By 1978, the third O had fallen over, and the sign could no longer be repaired. The Hollywood Chamber of Commerce launched the "Save the Sign" campaign, with help from Hugh Hefner, who hosted a gala fundraiser at the Playboy Mansion, in which letters for a new sign would be sold at nearly $27,700 a pop. The adopt-a-letter campaign worked, and sponsors like Gene Autry (who bought an 'L'), Alice Cooper ('O'),in honor of Groucho Marx, Singer Andy Williams, and others successfully raised over $250,000.

Here's a bit of trivia: Hugh Hefner bought the 'Y' for obvious reasons.

A Hollywood Facelift

Hal Brown Jr., of the Pacific Outdoor Advertising Company, was contracted to rebuild the sign. The sign was very personal to Brown because his uncle, George Roche, had built the original Hollywoodland sign in 1923. Brown hired Cornelius Van Dam to design the new sign as a more durable structure, but the same dimensions as the original. The plans were approved by the City of Los Angeles, the Cultural Heritage Board, and the Hollywood Chamber of Commerce.

The original, legendary Hollywood sign was taken down, and for three months in 1978, the HOLLYWOOD sign was missing from the Los Angeles skyline. With 194-tons of concrete, enamel and steel, the new sign was constructed to survive well into the next century. The new sign was unveiled in November 1978.

Just So It Won't Happen Again

To prevent any repeats of the past, the California Attorney General assigned rights and responsibilities to three government agencies in 1992 for the sign. The City of Los Angeles owns the land where the sign stands. The City of Hollywood owns the licensing rights for the image of the sign. And the Hollywood Sign Trust was assigned to maintain, repair, and to perform any capital improvements to the sign, for the benefit of the public.

In 2000, the Hollywood Sign Trust hired Panasonic to install a state-of-the-art security system, with a large closed circuit, Internet-based surveillance network, which can be monitored 24/7 over the Internet, to protect the sign from vandals and fire. The security system was upgraded again in 2005. Since the security system is Internet-based, anyone on the Internet can watch over the sign 24 hours a day on its live web cam, located at: www.hollywoodsign.org/247.html

The Hollywood Sign is the most famous sign in the world. It is located on Mount Lee in Griffith Park overlooking Hollywood. It is illegal to hike to the Hollywood Sign.

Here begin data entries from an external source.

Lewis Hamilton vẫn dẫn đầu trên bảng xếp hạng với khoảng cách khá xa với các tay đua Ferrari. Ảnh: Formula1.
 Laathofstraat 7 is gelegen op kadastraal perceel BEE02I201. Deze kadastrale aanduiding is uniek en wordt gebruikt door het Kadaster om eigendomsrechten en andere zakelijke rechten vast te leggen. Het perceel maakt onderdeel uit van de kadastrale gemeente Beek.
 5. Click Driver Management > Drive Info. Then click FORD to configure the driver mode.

The original Hollywood sign was placed in a storage facility after it was taken down. No one was aware that the company hired to remove the sign had understood its historical significance and elected to store it rather than dispose of it as was planned. The sign remained in storage until it was purchased by noted collector of rare and unusual memorabilia, and famous artist, Bill Mack in 2007. Bill intends to use the metal facing from the sign as a canvas,and he plans to paint the likenesses of the "great "movie stars from the Golden Years Of Hollywood."

It is this metal that many young actors and actresses climbed Mount Lee to touch it and have pictures taken with it for luck. It's the same metal that one actress stood upon and jumped off of... ending her life and forever changing the meaning of the sign from "all that glitters to the city of broken dreams."

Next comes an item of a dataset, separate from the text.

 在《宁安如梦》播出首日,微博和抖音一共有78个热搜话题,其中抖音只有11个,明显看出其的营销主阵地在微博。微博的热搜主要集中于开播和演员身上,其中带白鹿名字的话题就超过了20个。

It is this same metal that Bill Mack will paint the legendary images of Hollywood.

Hollywood Street Performers

Facts About the Hollywood Sign

  • The Sign was built in 1923 to read Hollywoodland, as a publicity ploy to promote sales of homes in a subdivision by the same name along Beachwood Canyon.
  • Original cost was $21,000. Letters were 30 feet wide and 50 feet tall, and were studded with low wattage light bulbs, 4,000 altogether. The Sign was expected to last a year and a half.
  • Maintenance of the Sign was discontinued in 1939. Late in 1944, the M. H. Sherman Company, developers of the Hollywoodlands, quit claimed to the City of Los Angeles about 455 acres of land adjoining Griffith Park, which property included the Sign.
  • In 1949, the Hollywood Chamber of Commerce entered into a contract with the Department of Recreation and Parks to repair and rebuild the Sign and to remove "land" so that it would spell HOLLYWOOD. The cost was estimated to be $4,000. The light bulbs had long before been stolen, and the City stipulated that any new illumination would be at the expense of the Chamber.
  • The Sign was declared Los Angeles Cultural-Historical Monument #111 in 1973 by the Cultural Heritage Board of the City of Los Angeles.
  • A fundraising campaign was launched in April of 1978 by the Hollywood Chamber of Commerce to rebuild the Sign after it had seriously deteriorated. Donors contributed $27,700 each to buy a replacement letter.
  • Work to rebuild the Sign began in August of 1978 and was finished by November. Pacific Outdoor Advertising Company, in conjunction with Hughes Helicopters and Heath Sign Company, demolished the remains of the old Sign and installed new all-steel letters in its place.
  • The Sign now stretches 450 feet across the side of Mount Lee, and is still 50 feet tall. It weighs 450,000 pounds.
  • The new Hollywood Sign was unveiled live on November 14, 1978, on Hollywood's 75th anniversary, before a television audience of 60 million.
  • Primary responsibility for the maintenance and preservation of the Sign rests with the Hollywood Sign Trust. The trustees are named by the Hollywood Chamber of Commerce and the City of Los Angeles

Bob Seger & the Silver Bullet Band- Hollywood Nights (live)

The Sign Of Change

It is illegal to make alterations to the Hollywood sign. Even though the City has allowed it to happen in the past, on occasion for commercial purposes. Current city policies do not permit changes to be made, due to the incidents that have happened in the past.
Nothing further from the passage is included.